To be fair, OP, I'm male and I can say my experience has largely been the same! My inbox is hardly overflowing but I was pleasantly surprised that my matches went into double digits. But from then on, same problems as you... but rather than it being them messaging someone 10-20 years younger than me, I think its more becoming aware I'm just one of many, many "irons" (as they say in the dating thread) in a rather large fire. Conversatios go great and then I get ghosted. Quite often, they'll come back a week or two later and I can't help but think "yeah, okay, so Option #1 either fell through or else turned out to be a nightmare, so I'm the fall back option". And then, if I reply, the same happens again. It's like trying to get a toddler's attention in a sweet shop. And, whilst I don't blame them, its very offputting. I think everyone wants to feel special to someone - not like a pair of shoes that's constantly being tried on, put back, then tried on again, put back, tried on, taken to the till, left on the till as another new pair's caught their eyes... rinse and repeat.

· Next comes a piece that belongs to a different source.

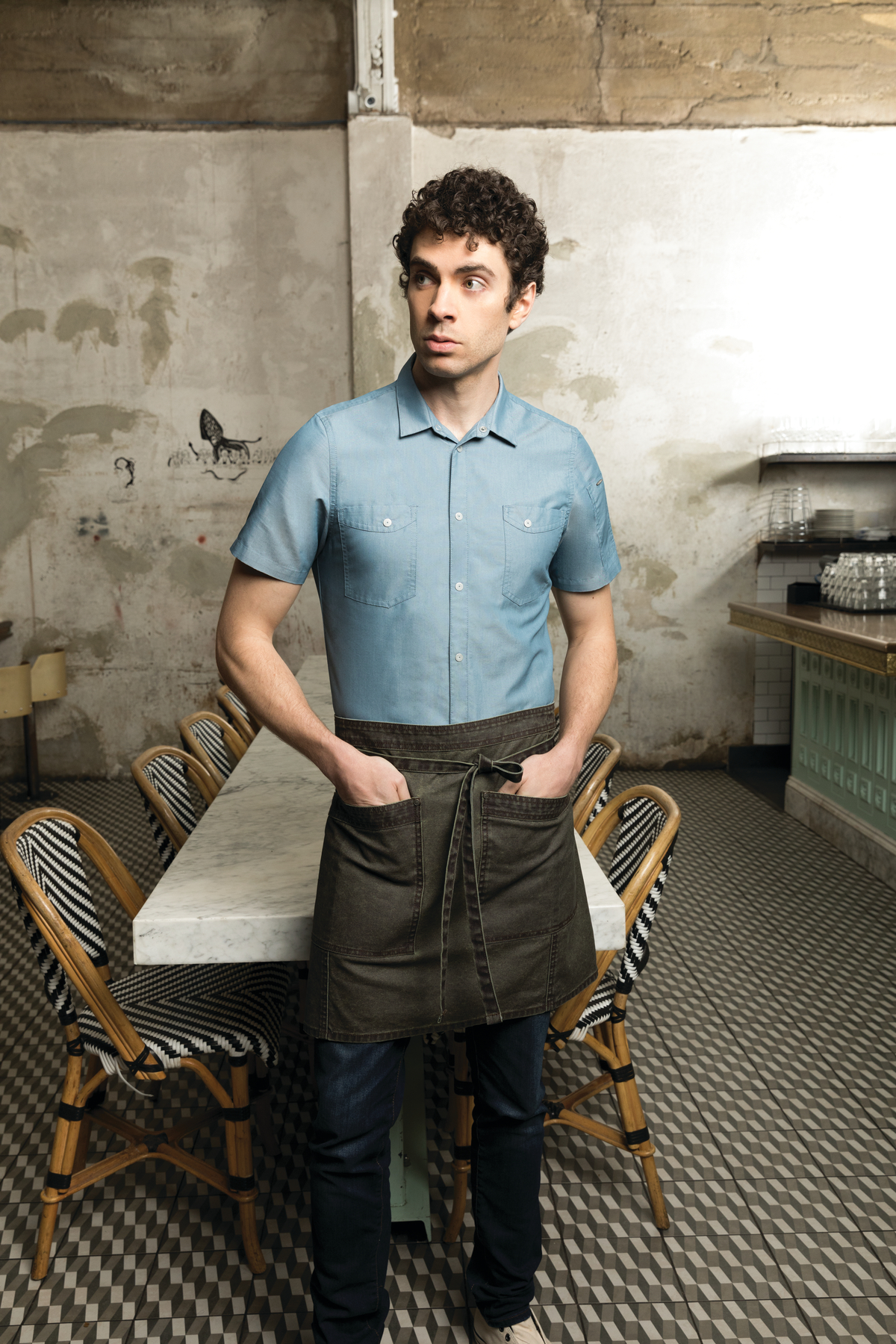 - Latzschürzenhalter im Nacken mit Druckknopf

It’s funny as experience has also shown me the men I end up having chemistry with in real life are men I almost swipe left on or men who sent me messages/likes on Hinge and I’m like meh! In fact, my current favourite is someone I met for a date only because I thought he sounded interesting and there would be no chemistry. But wow! In real life it was

Yeah, this x100. I seriously thinking of giving up OLD because I'm realising the people I've dated and/or had mutual crushes on in real life are people I've often developed chemistry with that wouldn't have been apparent online. One had no mutual interests whatsoever, but for some reason it clicked. Plus I'm not a guy who has "instant impact" as it were: I'm not over 6ft. I'm not high-earning. I'm not a fireman or a barrister or any career with a certain prestige. I'm not especially good looking. I don't have the gift of the gab. In other words, I don't have anything that might nudge someone to instantly think "well I'll give it a go". What works for me is developing chemistry, over a period of time, in a non-pressurised atmosphere. It sounds awful, but I tend to "grow" on people - to use Bridget Jones Diary as an example, I'm more a Mark Darcy than a Daniel Cleaver and I think OLD really tends to favour the Cleavers of this world more.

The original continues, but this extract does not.